The Commission also proposes to advance the date of application of several agreed measures that incentivise banks to finance employees, SMEs and infrastructure projects.

In addition, the Commission has published an ‘interpretative communication’ confirming the recent statements on using flexibility within accounting and prudential rules, such as those made by the Basel Committee of Banking Supervision, the European Banking Authority (EBA) and the European Central Bank, amongst others.

These include the flexibility available in EU rules when it comes to the classification of non-performing loans in the context where relief measures such as guarantee schemes and moratoria have been provided either by member states or by banks.

The interpretative communication clarifies that the application of relief measures alone which banks or member states grant households and businesses to bridge short-term liquidity needs, such as delays in the repayment of loans, should not automatically lead to a harsher accounting treatment of the respective loans.

It states that the temporary inability of households or businesses to pay back their loans because of the coronavirus pandemic should not mean that banks have to automatically significantly increase their expected credit loss ECL provisions under IFRS 9.

Instead, banks are to use their own judgment when determining if expected credit losses are required to be recognised.

The Commission also states that banks should ‘act responsibly’, for example by refraining from making dividend distributions to shareholders or adopting a conservative approach to the payment of variable remuneration.

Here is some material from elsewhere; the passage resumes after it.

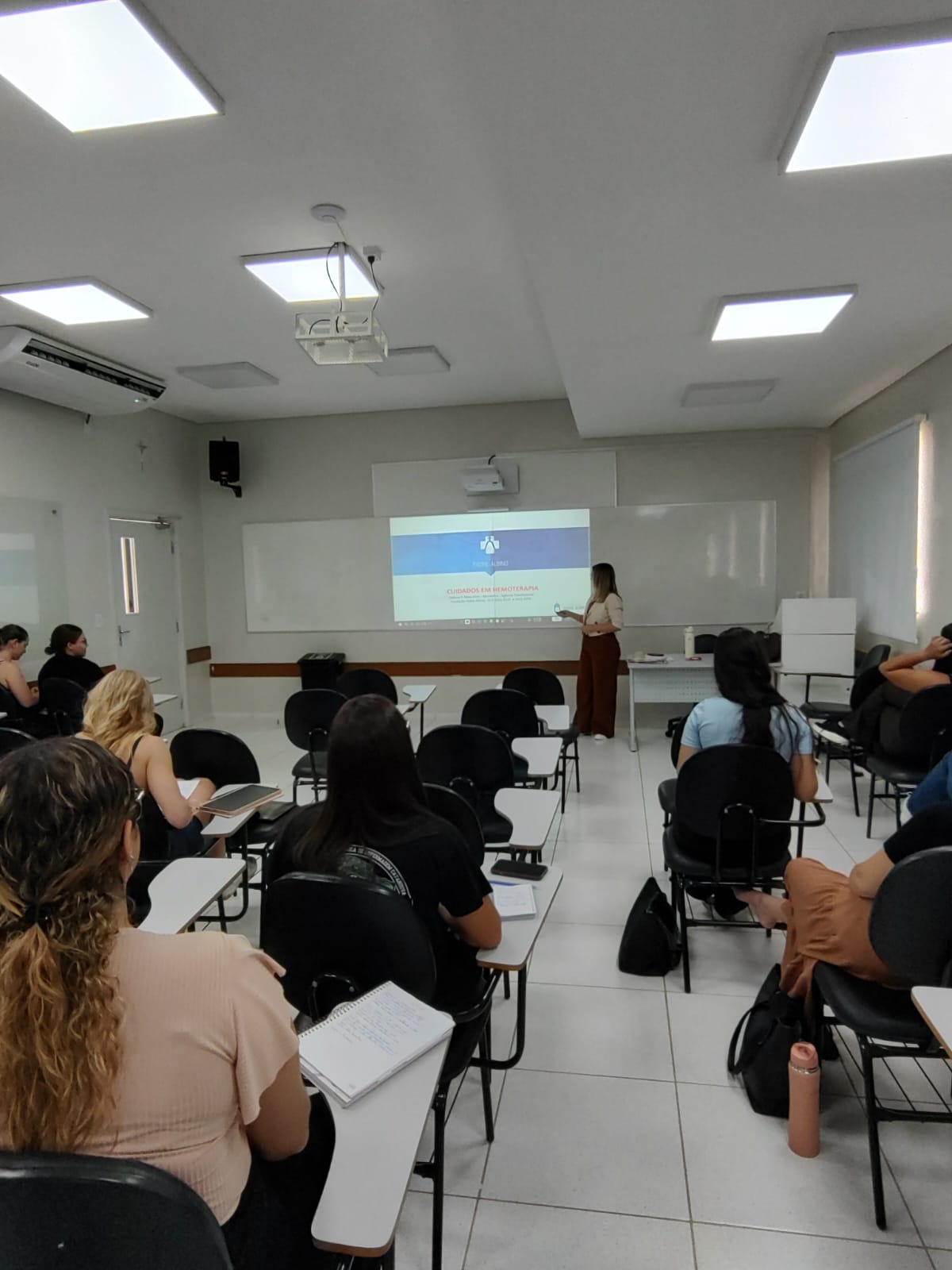 No último dia 6 de março, alunos do 4º ano do curso de Enfermagem da UNIFIPA participaram de atividade formativa voltada à prática profissional na área de Hemoterapia. A palestra foi ministrada pela biomédica Débora Ribas Diniz, coordenadora das agências transfusionais, responsável pelo Serviço de Hemoterapia dos hospitais da Fundação Padre Albino.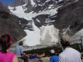 Looking at the glacier it's impossible to get a sense for its true size, because there is nothing to compare it to. The visible ice wall rises 60 meters (the height of a 25 story building), and there is twice as much ice below the lake surface. You really can't tell how big it is unless you see someone walking across it, then you understand that the tiny dot is a person.

Valdis Dombrovskis, executive vice-president for an economy that works for people, said: ‘We are supporting households and businesses as much as we can to deal with the economic fallout of the coronavirus.

‘The banking sector can do a lot to help here. We are using the full flexibility of the EU's banking rules and proposing targeted legislative changes to enable banks to keep the liquidity taps turned on, so that households and companies can get the financing they need.

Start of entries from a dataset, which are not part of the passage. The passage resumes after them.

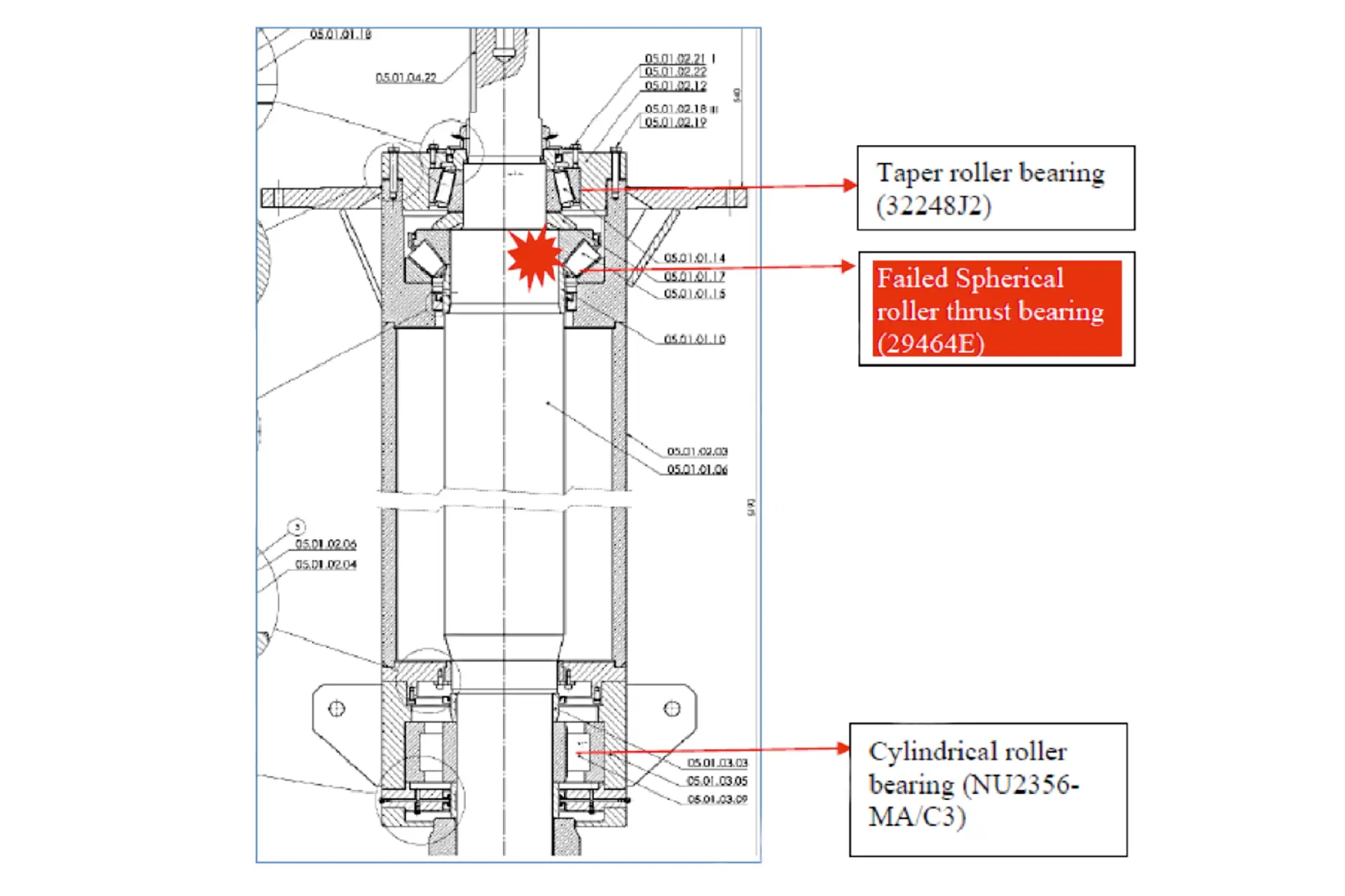 - Inadequate sealing arrangement at the bottom of the SRT bearing causing less quantity of grease in the middle bearing led to severe wear in raceway and rolling elements. The grease was leaking out from the bottom seal and did not follow the grease return path.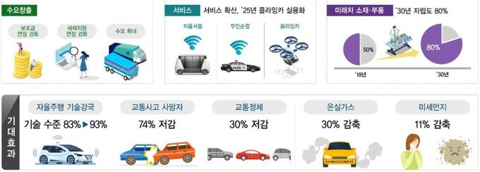 자율주행 서비스 확산을 위해선 △ 자율셔틀 △ 자율택시 △ 화물차 군집주행 등 민간 주도 3대 서비스와 △ 자율주행 무인순찰 △ 도로 긴급복구 서비스 등 공공수요 기반 9대 서비스를 우선 도입한다. '플라잉카'(도로 주행과 비행이 모두 가능한 차)는 현재 기술개발과 법제도 정비를 통해 실증과 시범사업이 가능한 단계로 2025년 실용화가 추진된다.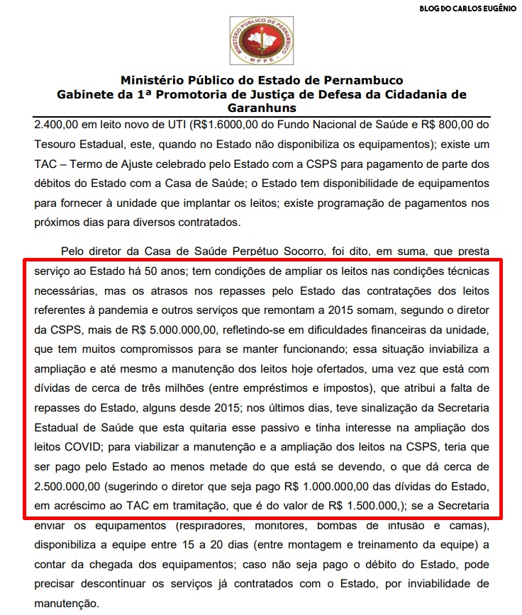 Estado a ampliação desses leitos, seja na Casa de Saúde Perpétuo Socorro, que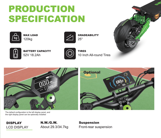 • Battery Capacity: 18.2Ah/23Ah 52V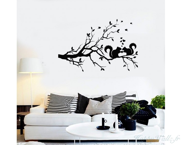 Deux écureuils sur une branche en fleurs. La touche parfait pour une chambre ou un salon.

‘I will soon also be launching roundtable discussions bringing together consumer and business groups with the financial sector so that we can address the most urgent needs of our citizens and companies.’

European Commission interpretative communication is here: Commission Interpretative Communication on the application of the accounting and prudential frameworks to facilitate EU bank lending (Supporting businesses and households amid COVID-19)

Amendments to prudential requirements is here: Proposal to amend Regulation (EU) No 575/2013 of the European Parliament and of the Council of 26 June 2013 on prudential requirements for credit institutions and investment firms

Pat Sweet |Reporter, Accountancy Daily [2010-2021]

Pat Sweet was the former online reporter at Accountancy Daily and contributor to the monthly Accountancy magazine, pub...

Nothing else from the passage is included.